Exercise prompt: Could you repeat the listing exactly, leaving out the pictures?

Material provided:
※

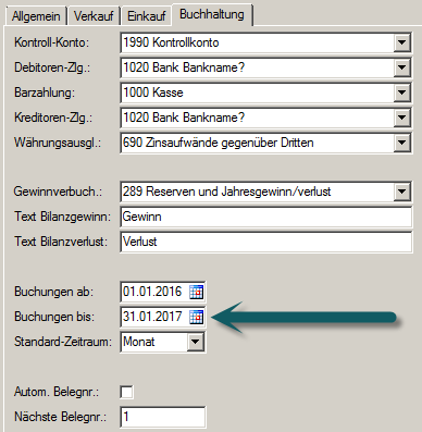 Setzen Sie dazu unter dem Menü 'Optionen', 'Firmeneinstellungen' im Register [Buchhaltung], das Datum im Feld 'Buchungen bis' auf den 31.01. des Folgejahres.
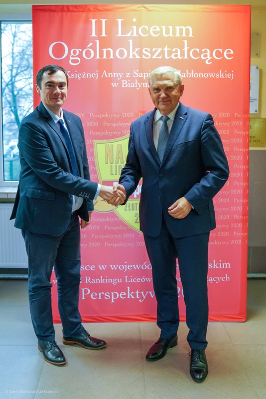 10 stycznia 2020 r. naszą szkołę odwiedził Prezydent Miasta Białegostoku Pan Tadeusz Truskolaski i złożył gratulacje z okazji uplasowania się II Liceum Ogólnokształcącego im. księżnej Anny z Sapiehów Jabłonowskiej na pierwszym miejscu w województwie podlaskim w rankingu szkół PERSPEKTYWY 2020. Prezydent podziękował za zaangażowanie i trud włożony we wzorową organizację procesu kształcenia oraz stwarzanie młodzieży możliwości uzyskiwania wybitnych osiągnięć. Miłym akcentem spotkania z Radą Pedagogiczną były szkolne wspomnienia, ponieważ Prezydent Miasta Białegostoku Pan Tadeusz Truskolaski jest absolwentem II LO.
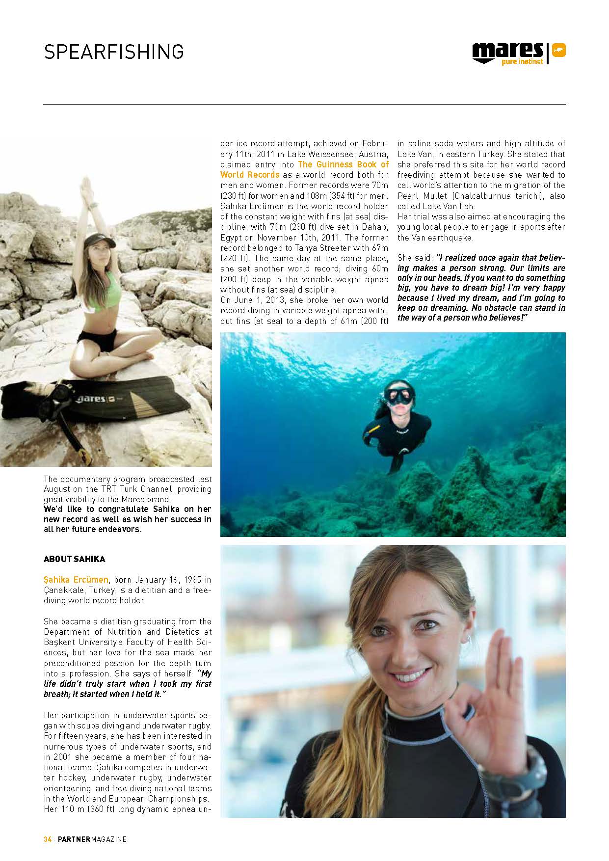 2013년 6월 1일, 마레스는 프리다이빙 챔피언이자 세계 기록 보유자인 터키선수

※

Result:
 Setzen Sie dazu unter dem Menü 'Optionen', 'Firmeneinstellungen' im Register [Buchhaltung], das Datum im Feld 'Buchungen bis' auf den 31.01. des Folgejahres.
 10 stycznia 2020 r. naszą szkołę odwiedził Prezydent Miasta Białegostoku Pan Tadeusz Truskolaski i złożył gratulacje z okazji uplasowania się II Liceum Ogólnokształcącego im. księżnej Anny z Sapiehów Jabłonowskiej na pierwszym miejscu w województwie podlaskim w rankingu szkół PERSPEKTYWY 2020. Prezydent podziękował za zaangażowanie i trud włożony we wzorową organizację procesu kształcenia oraz stwarzanie młodzieży możliwości uzyskiwania wybitnych osiągnięć. Miłym akcentem spotkania z Radą Pedagogiczną były szkolne wspomnienia, ponieważ Prezydent Miasta Białegostoku Pan Tadeusz Truskolaski jest absolwentem II LO.
 2013년 6월 1일, 마레스는 프리다이빙 챔피언이자 세계 기록 보유자인 터키선수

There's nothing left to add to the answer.